Meranoplus parviumgulatus

Scientific classification
- Domain: Eukaryota
- Kingdom: Animalia
- Phylum: Arthropoda
- Class: Insecta
- Order: Hymenoptera
- Family: Formicidae
- Subfamily: Myrmicinae
- Genus: Meranoplus
- Species: M. parviumgulatus
- Binomial name: Meranoplus parviumgulatus (Donisthorpe, 1947)

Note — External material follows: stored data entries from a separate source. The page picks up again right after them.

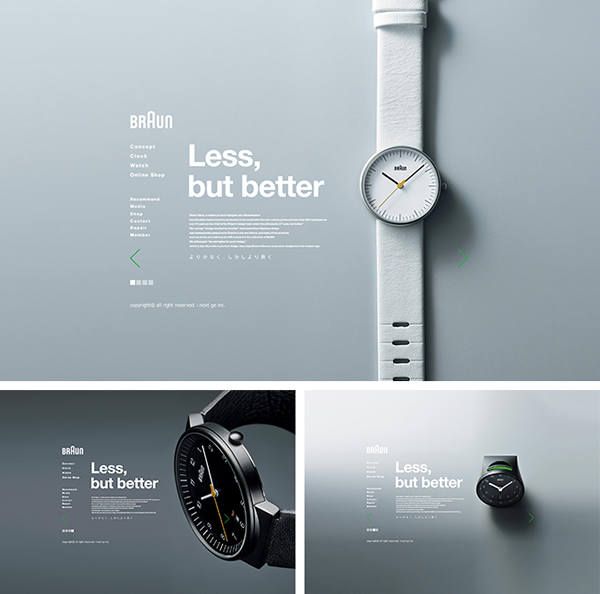 例如:BRAUN博朗,整个页面,简洁的图片与文字的排版,让视线非常集中,这样用户快速的将注意力集中到内容上去,非常符合他们的主题“Less,but better”,给人留下回味、想象的空间。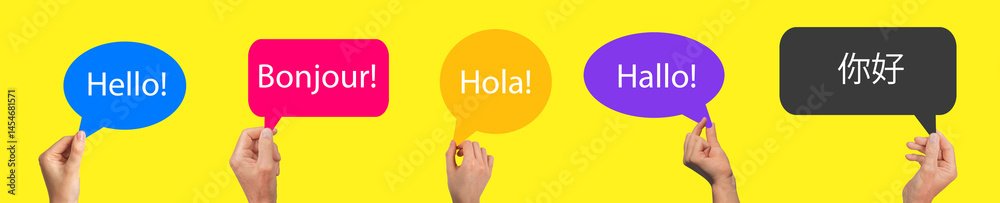 Speech bubbles in hands with foreign languages. Greeting word Hello in English, French, Spanish,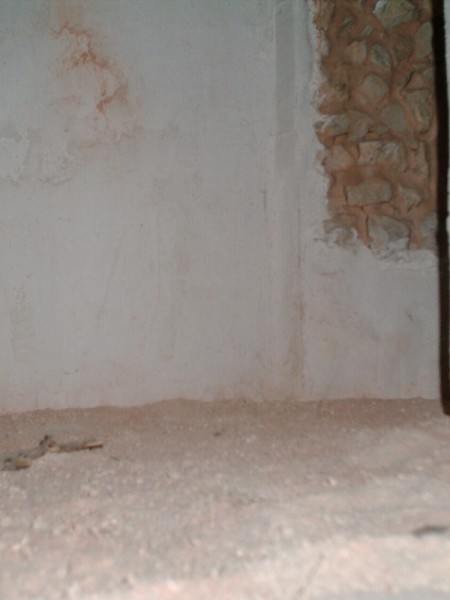 5º Si la casa tiene desconchones, antes de las dos ultimas manos le doy a los bordes de los desconchones con pintura verde muy aguada y marron oscuro muy aguado asi como a las zonas de las esquinas para dar sensación de humedad y profundidad.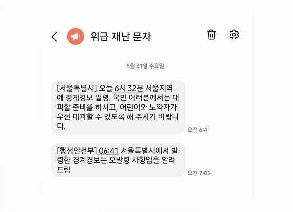 행안부 관계자는 "위급재난 문자는 행안부와 지자체가 모두 발송할 수 있는데, 이번에 서울시 전역에 전송된 문자는 서울시가 오발송한 것"이라고 했다.

= Meranoplus parviumgulatus =

- Authority: (Donisthorpe, 1947)

Species of ant

Meranoplus parviumgulatus is a species of ant in the genus Meranoplus. It is known from New Guinea and Papua New Guinea.

==Taxonomy==
The species was first described by Donisthorpe (1947) as Tricytarus parviumgulatus, based on three males from New Guinea, Indonesia. He placed the new species as the type species of the monotypic genus Tricytarus, subfamily Myrmicinae. The type specimens were apparently lost at some point, which made further placement within the tribe uncertain; the genus was treated as incertae sedis (of uncertain placement) in Myrmicinae, incertae sedis in Formicidae, and finally tentatively placed in tribe Formicoxenini (Myrmicinae). Based on new specimens from Papua New Guinea, Boudinot (2014) synonymized Tricytarus under Meranoplus, tribe Meranoplini.